» What is required:
A verbatim copy is needed of the lines below from the one containing "пройшов блискуче. Професура" up to and including the one containing "Le mot français", excluding pictures.

BEGIN Excerpted data

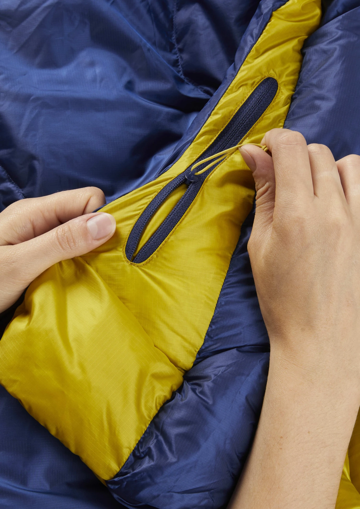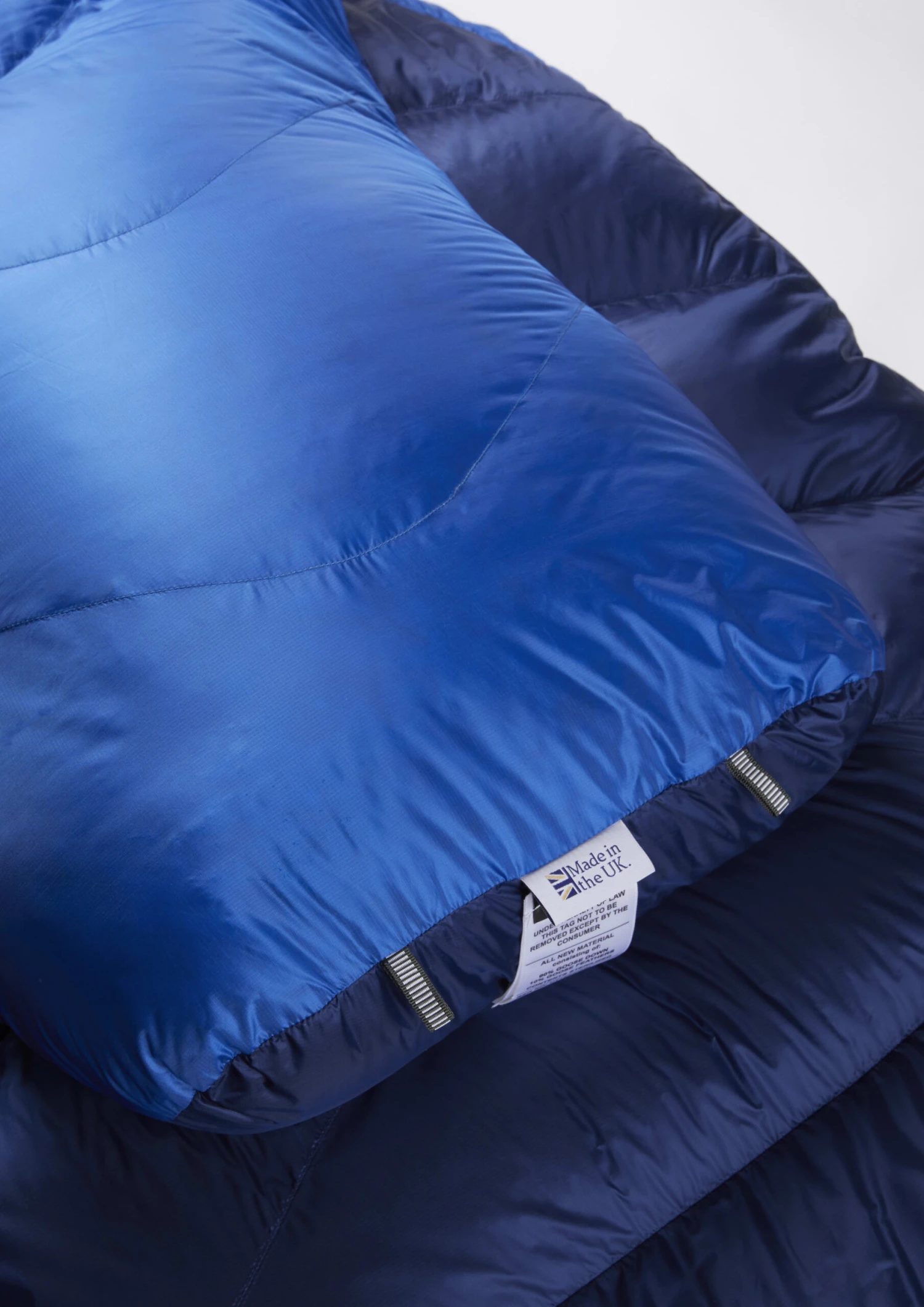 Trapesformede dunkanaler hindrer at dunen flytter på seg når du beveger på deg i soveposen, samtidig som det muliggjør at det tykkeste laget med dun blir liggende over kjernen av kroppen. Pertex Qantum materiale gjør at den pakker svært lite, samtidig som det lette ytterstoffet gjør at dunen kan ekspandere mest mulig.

END Excerpted data
BEGIN Excerpted data

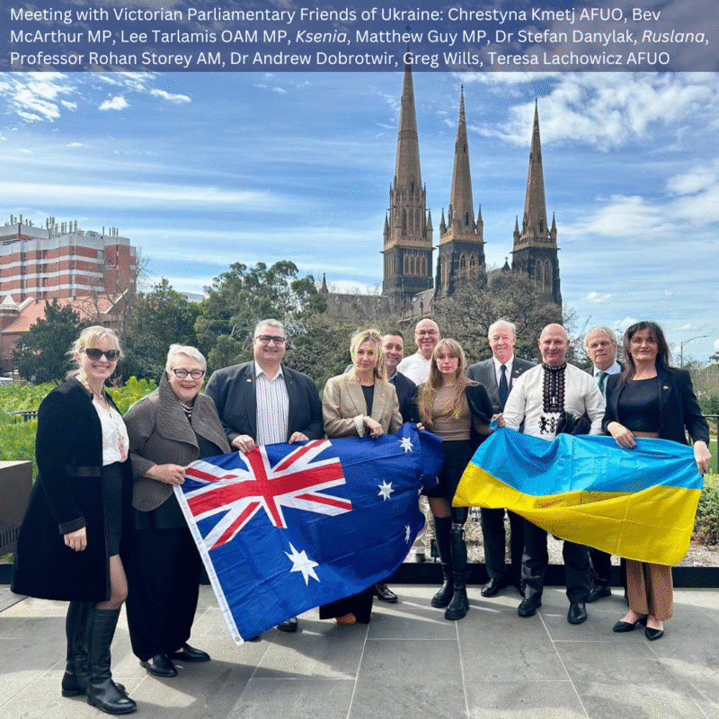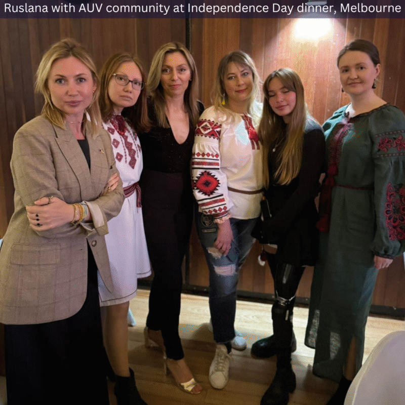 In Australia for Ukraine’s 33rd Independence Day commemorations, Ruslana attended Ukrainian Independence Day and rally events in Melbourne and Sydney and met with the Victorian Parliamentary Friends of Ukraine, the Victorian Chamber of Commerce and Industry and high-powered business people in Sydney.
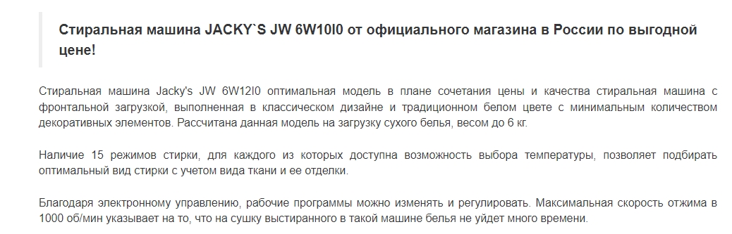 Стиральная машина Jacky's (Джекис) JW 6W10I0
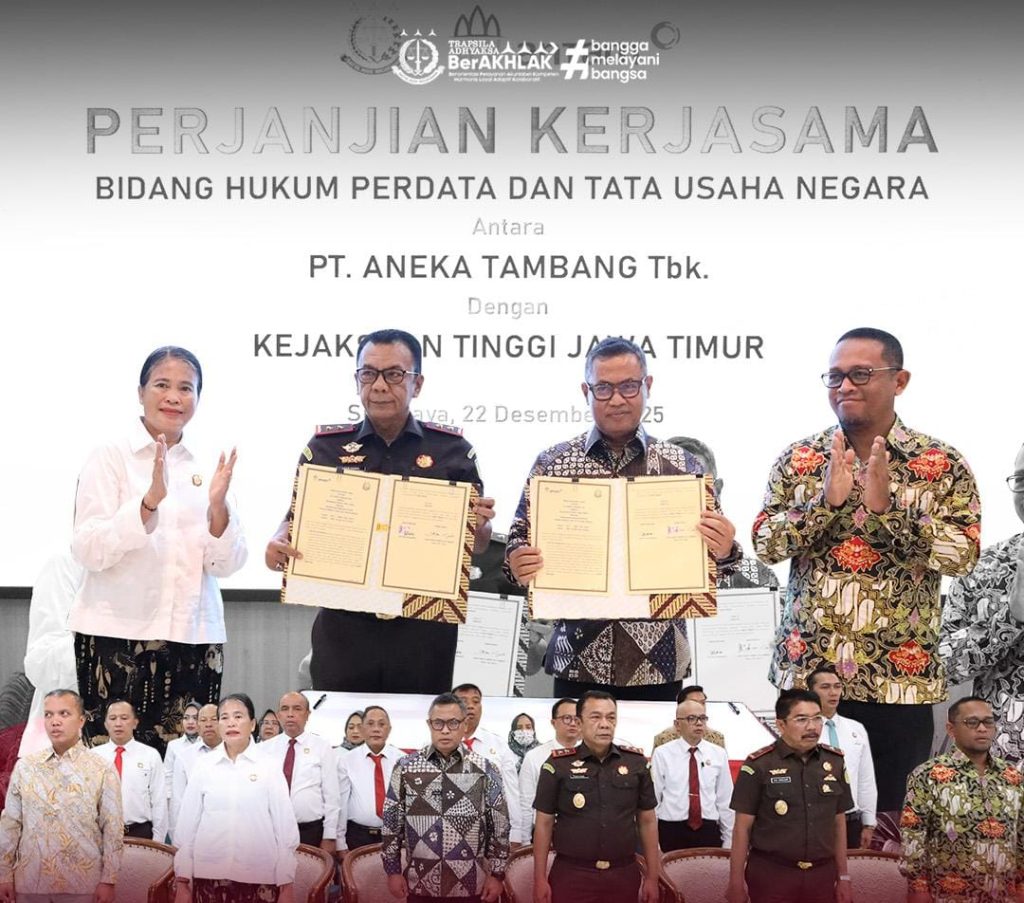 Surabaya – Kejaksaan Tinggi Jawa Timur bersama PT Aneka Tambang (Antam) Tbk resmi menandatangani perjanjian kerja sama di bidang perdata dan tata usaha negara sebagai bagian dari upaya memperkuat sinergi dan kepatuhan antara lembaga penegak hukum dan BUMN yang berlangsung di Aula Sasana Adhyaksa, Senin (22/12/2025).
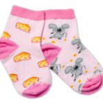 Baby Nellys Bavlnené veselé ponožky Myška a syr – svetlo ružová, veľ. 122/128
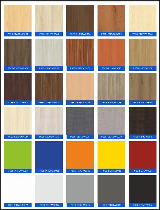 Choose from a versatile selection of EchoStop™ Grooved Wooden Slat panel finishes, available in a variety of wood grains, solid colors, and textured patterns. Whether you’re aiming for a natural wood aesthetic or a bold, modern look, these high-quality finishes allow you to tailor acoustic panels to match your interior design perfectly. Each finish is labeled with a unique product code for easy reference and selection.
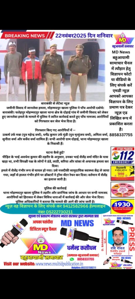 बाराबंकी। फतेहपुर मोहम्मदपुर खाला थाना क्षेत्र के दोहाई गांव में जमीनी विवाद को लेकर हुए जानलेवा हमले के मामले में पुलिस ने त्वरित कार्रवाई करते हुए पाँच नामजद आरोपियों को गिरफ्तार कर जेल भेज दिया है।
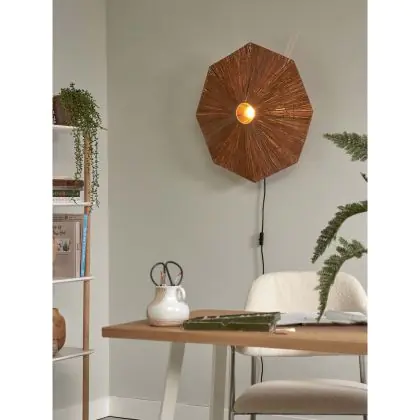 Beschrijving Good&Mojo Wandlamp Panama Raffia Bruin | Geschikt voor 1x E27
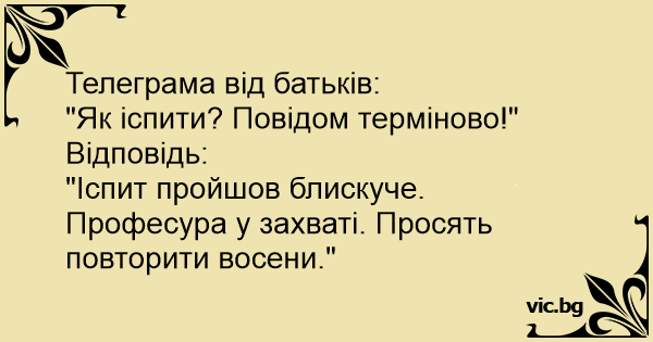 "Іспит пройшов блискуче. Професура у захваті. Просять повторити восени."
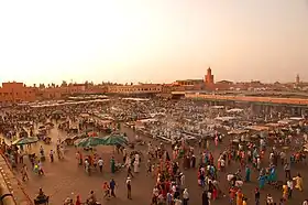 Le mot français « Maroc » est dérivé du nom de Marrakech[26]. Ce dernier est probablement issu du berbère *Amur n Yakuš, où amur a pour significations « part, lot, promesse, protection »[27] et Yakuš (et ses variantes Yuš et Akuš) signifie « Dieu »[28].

END Excerpted data

» Final answer:
 "Іспит пройшов блискуче. Професура у захваті. Просять повторити восени."
 Le mot français « Maroc » est dérivé du nom de Marrakech[26]. Ce dernier est probablement issu du berbère *Amur n Yakuš, où amur a pour significations « part, lot, promesse, protection »[27] et Yakuš (et ses variantes Yuš et Akuš) signifie « Dieu »[28].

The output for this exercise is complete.